Горе и стыд смешались во мне, оставшись после сна, но те эмоции прервало осознание, что я падал.
Через миг я упал на землю, рухнул на плечо и бедро. Я застонал от удара, но во рту пересохло, и прозвучал только хриплый шепот. Знакомый интерьер корабля Веры был вокруг меня, и рядом была кровать со спутанными одеялами.
Я понял две важные детали. Во-первых, корабль подпрыгивал и раскачивался, значит, он уже не был привязан к пристани в Дип-Ков. Во-вторых, на мне были только трусы.
К счастью, моя одежда висела на ближайшем стуле. Те же вещи, которые я носил несколько напряженных дней. Мне нужна была стиральная машина.
Я взял футболку и осторожно понюхал. Слабый аромат цитруса удивил меня. Я оделся, потягивая воду из бутылки, которую нашел в мини-холодильнике, и прошел на палубу. Солнце было низко на небе, но я видел только туманную погоду и открытую воду, не понимал, был рассвет или почти сумерки.
Вера была на месте капитана, держала штурвал. Она смотрела, как я осторожно шагаю к ней по качающейся палубе.
— Эй. Как ты?
— Сонный. Долго я спал?
— Почти пять часов. Сейчас чуть больше шести вечера, — она посмотрела на меня с тревогой. — Я пыталась разбудить тебя пару раз, но не вышло. Ты обычно так спишь после использования сил?
Нет, но я и не использовал так много сил. Я только научился делать другого человека невидимым, и мне не нужно было раньше так долго удерживать галлюцибомбу. И моя жизнь обычно не зависела от моих проекций.
Зато в таких обстоятельствах я узнал, что мои пределы были не такими, как я думал, и я обнаружил, что после выхода за эти пределы были последствия. Мертвый сон и болезненно яркие сны-воспоминания.
Но я не рассказал об этом, а сделал еще несколько неловких шагов и опустился рядом с Верой.
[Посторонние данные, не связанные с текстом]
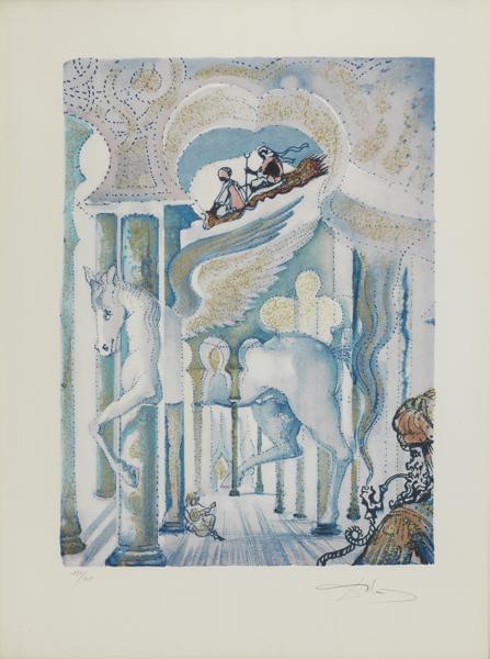 Le cheval du Pharaon, lithographie rehaussée de peinture or, sig...
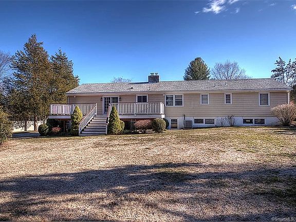 Sprawling 4 bedroom, 3 full bathroom & 2822 sq ft ranch-style home (which includes 600 sq ft in lower level w/walk-out) in beautiful central Orange neighborhood. This home sits elegantly on 0.98 acres and features an open and spacious floor plan. To the right of the tiled front foyer, there is a large living room w/ a fireplace and large bay window for lots of natural light. The space flows effortlessly into a large family room / dining area and open kitchen with a vaulted ceiling. The updated kitchen has granite counters, distinctive French country style cabinetry, a breakfast bar, and a large center island with a gas range. The kitchen leads outdoors through French doors to a 500 sq ft deck that overlooks a large, open and private backyard. To the left of tiled front foyer, are 3 bedrooms (which share a remodeled bathroom) and the master bedroom (which has its own updated bathroom). With the exception of the bathrooms, all flooring on the main living level is hardwood. The home has 2 garages (each with a new door and opener), public water, oil hot air heat furnace (2000), new oil tank (2019), new central AC compressor (2019), and an electric hot water heater. The roof is approximately 14 years old. Fantastic location for RT 34 & RT 15 (both within 1 mile), and 10 minutes Boston Post Rd and Trader Joe's / Whole Foods. Five minutes to Racebrook School and the Amity Middle School (Orange). Ideal YALE commuting location. (Town record for this address notes 3 BR w 2.1 BA.)
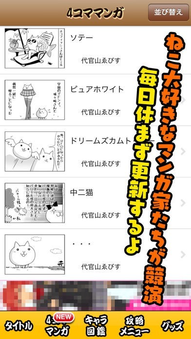このアプリでは2010年より配信スタートとなった携帯ゲームにゃんこ大戦争の4コママンガを読むことが可能です。 作家が描いた4コママンガを毎日1本配信、飽きずに読めるのが良い点です。 4コママンガは並び替えすることも可能、整理しやすくなっています。 ゲームで敵として登場するキャラクターの紹介、攻略方法の紹介、可愛いグッズの紹介もあります。 にゃんこ大戦争ファンの方は勿論のこと、4コママンガが好きな方、携帯ゲームが好きな方、猫が好きな方も楽しめます。
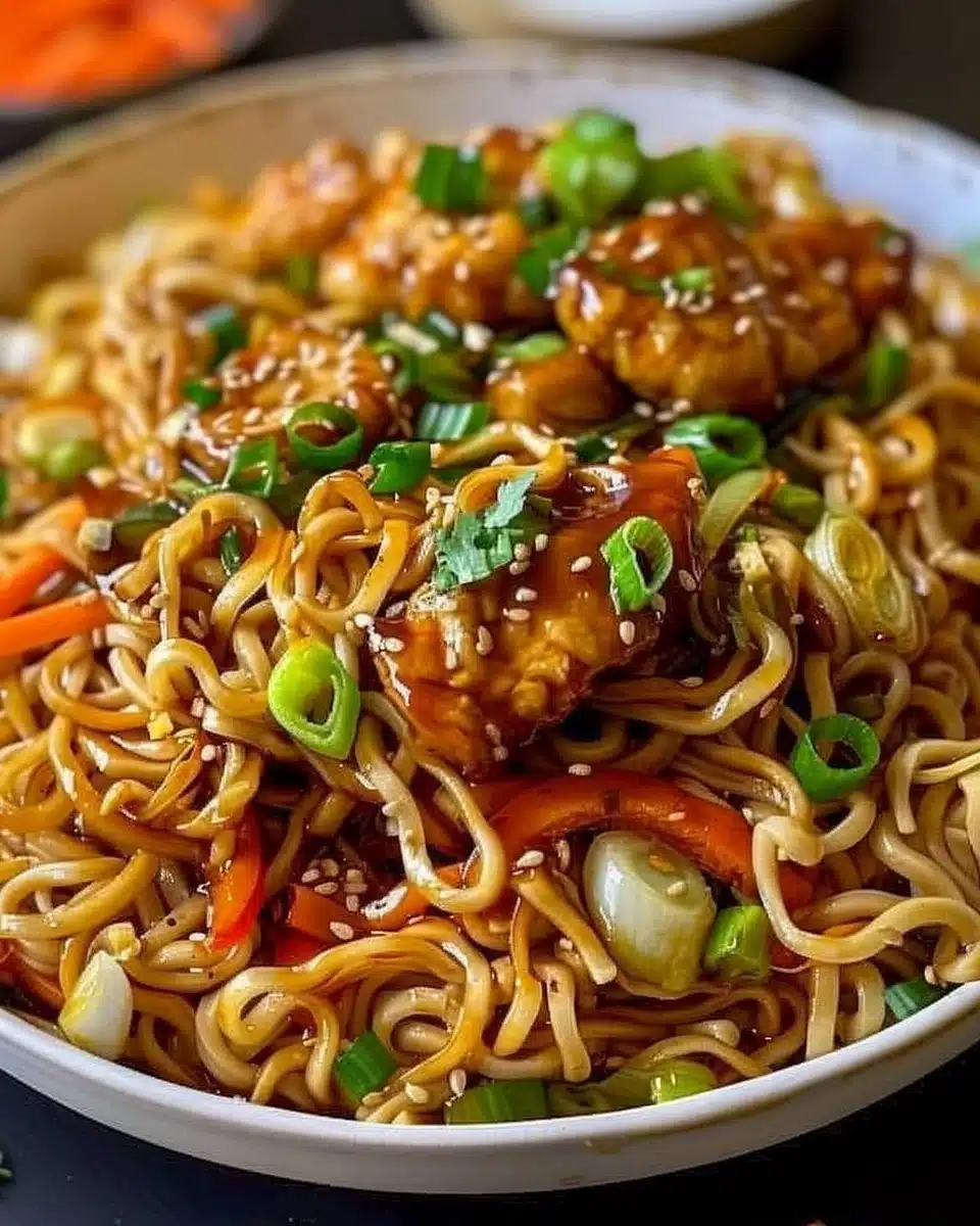 Chinesisch gebratene Nudeln mit Hühnchenfleisch, Ei und Gemüse
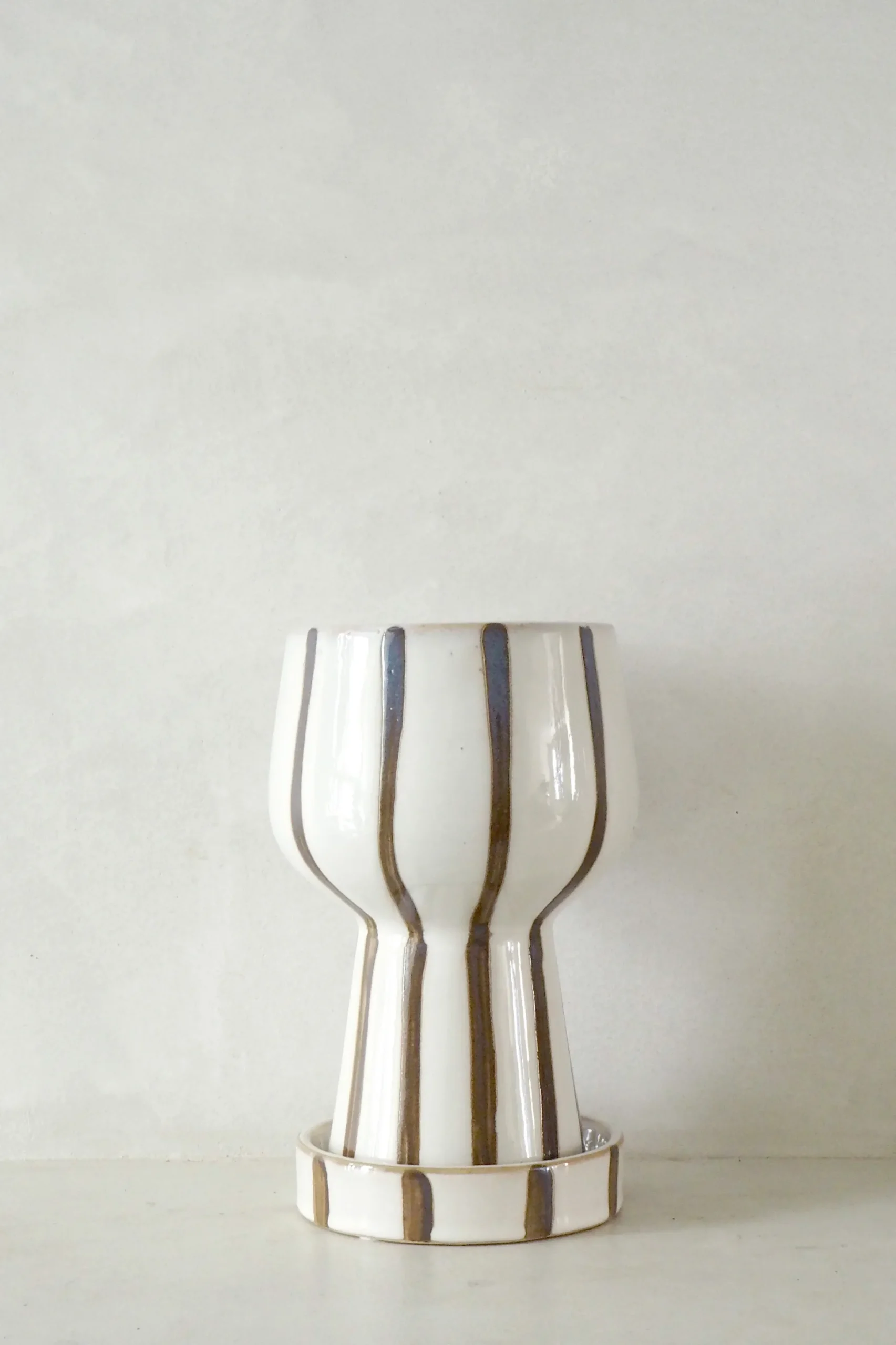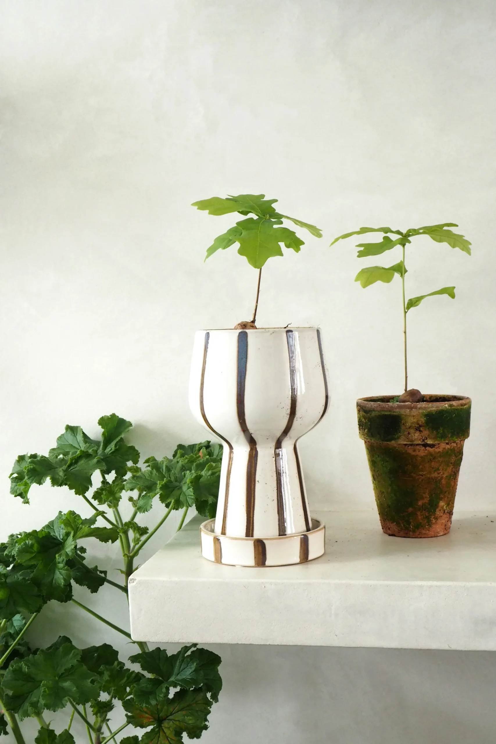 Krukken har ikke drænhul. Vi anbefaler at du kommer et lag lecakugler i bunden af krukken, hvis du planter direkte i den.
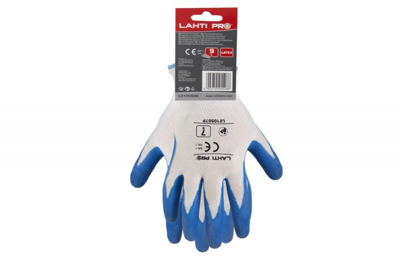 materiál: polyester, latex potažené latexem s pórovitou strukturou, zvyšujícím odolnost proti prodření a roztržení a zlepšuje přilnavost elastické a roztažitelné - zajišťují velmi dobrý úchop a vysoký komfort práce ukončené lemem široký rozsah použití (např. přesná práce, práce ve skladu, stavebnictví, zahradnictví EN 420Technické parametry
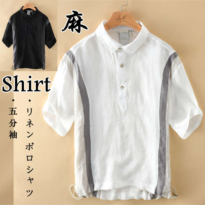 亜麻 五分袖ポロシャツ ヘンリーネック ジャージポロシャツ カジュアル 男性用 トップス 夏服 2色 黒色 白色
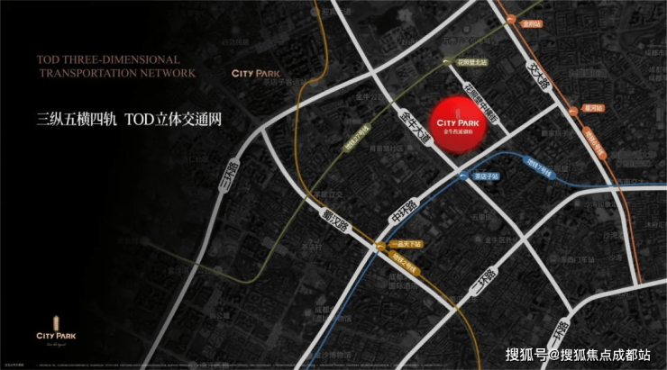 四轨:27号线(花照壁北,约600米)、地铁6号线(金府站,约1公里)、7号线(茶店子站,约800米)、地铁2号线环绕
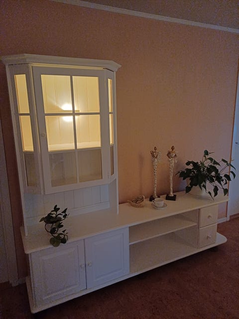 Vitrineskap, sjenk og speil
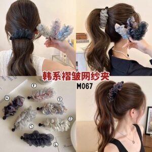 M067 韩系褶皱网纱夹 (2个)
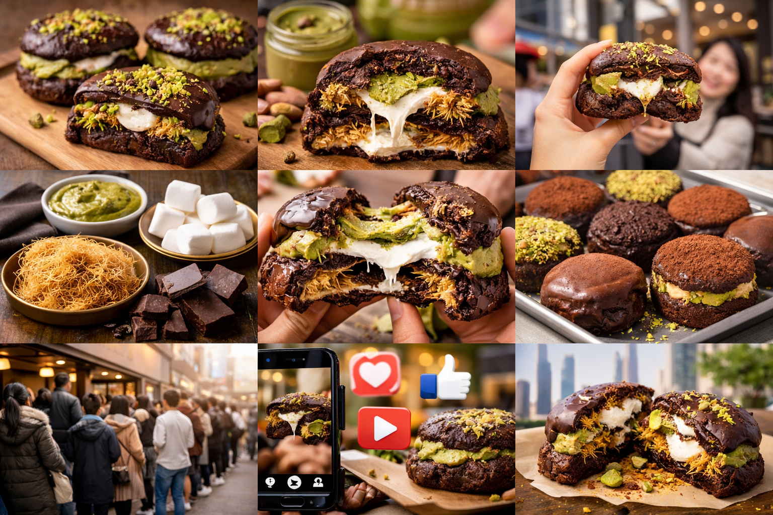 쫀득(베이스) + 바삭(카다이프) + 꾸덕/달콤(피스타치오·초콜릿)이 동시에 들어오면 맛보다 경험이 먼저 기억됩니다. 그래서 먹방/ASMR/숏폼에 특히 강합니다.[1][2]
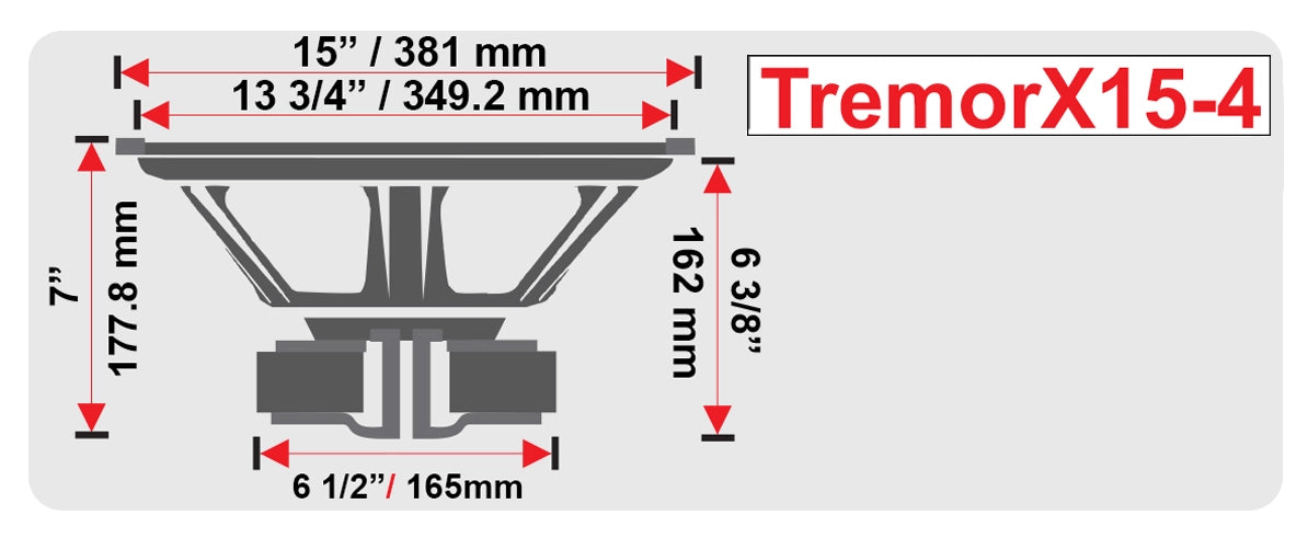 TremorX is based on Earthquakes signature  XLT chassis geometry. It is the optimal design for extreme excursion. The XLT chassis allows for  extra length between the spider (center suspension) and the magnetic gap. And it is designed to accommodate oversized spiders and voice coils.
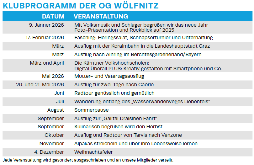 "Viele neue Veranstaltungen lassen die Mitglieder der Ortsgruppe Wölfnitz erblühen. Wir freuen uns auf wunderbare gemeinsame Stunden."
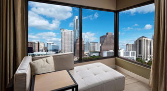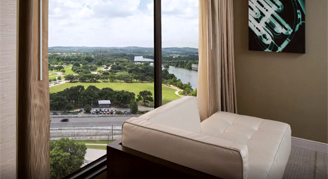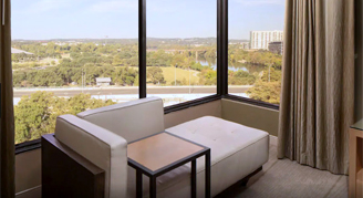 Corner Rooms feature stunning views through wraparound windows, creating an unparalleled setting as you overlook Lady Bird Lake and the Texas Hill Country.
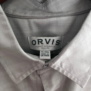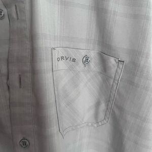 Orvis men’s XL short sleeve button down woven tech shirt grey plaid lightweight
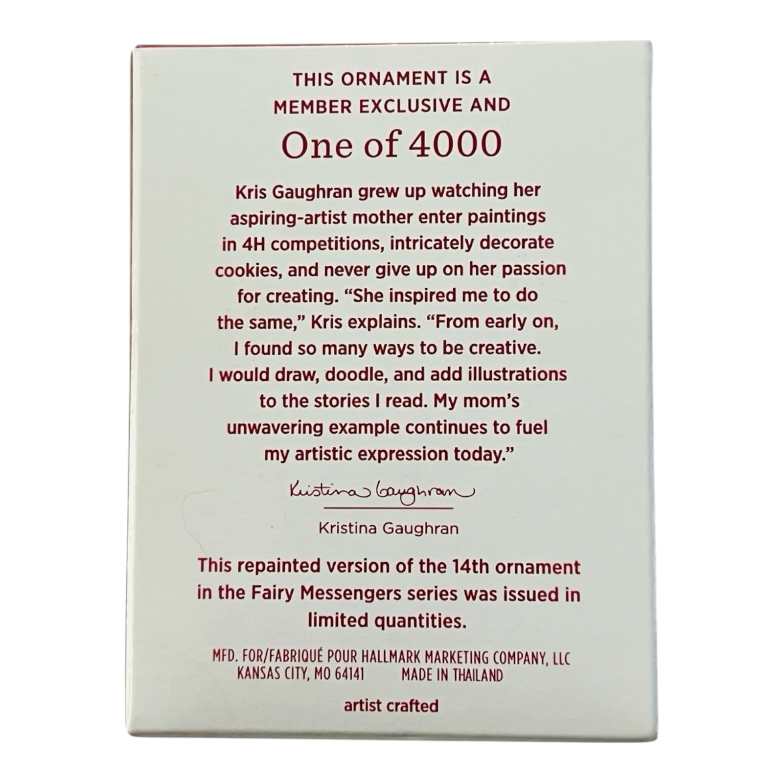 This exclusive 2022 release from the “Fairy Messengers” series by Hallmark is a member-only repaint version of the 2018 original. It features a whimsical fairy dressed in a morning-glory-petal inspired outfit, complete with iridescent wings and pastel accents—making it a charming and graceful piece for fairy-themed or holiday collections.
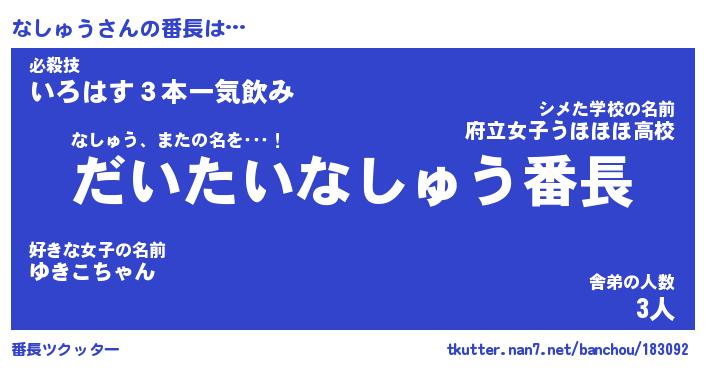 | ヒーロー風カッコイイあだ名 | 『スーパーナシュウ』『炎刃騎士ナシ』 |
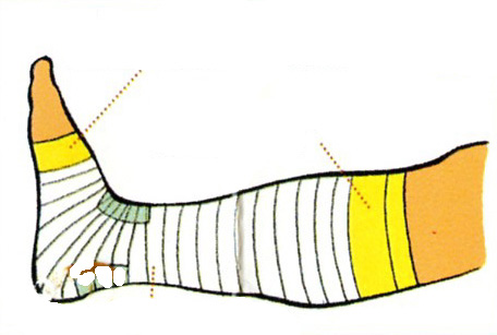 En cas d'entorse il est nécessaire d'immobiliser l'articulation qui souffre. Cela se fait en utilisant de la bande de contention élastique (la plus connue reste l'Elastoplaste) et en suivant la mise en place décrite ci-dessous pour les principales articulations. La consultation médicale reste indispensable dès que vous le pourrez.

— Ты постирала мою одежду?
— Она уже воняла. Я не трогала твои трусы. Я не так хорошо тебя знаю.
— Логично. Ты забрала все свои артефакты?
— Ага.
Она сказала только это, и я не нарушал тишину. Не было смысла обсуждать, как она пыталась меня бросить, а потом я пытался бросить ее, а потом мы как-то оба избежали смерти, хотя на нас нападала банда.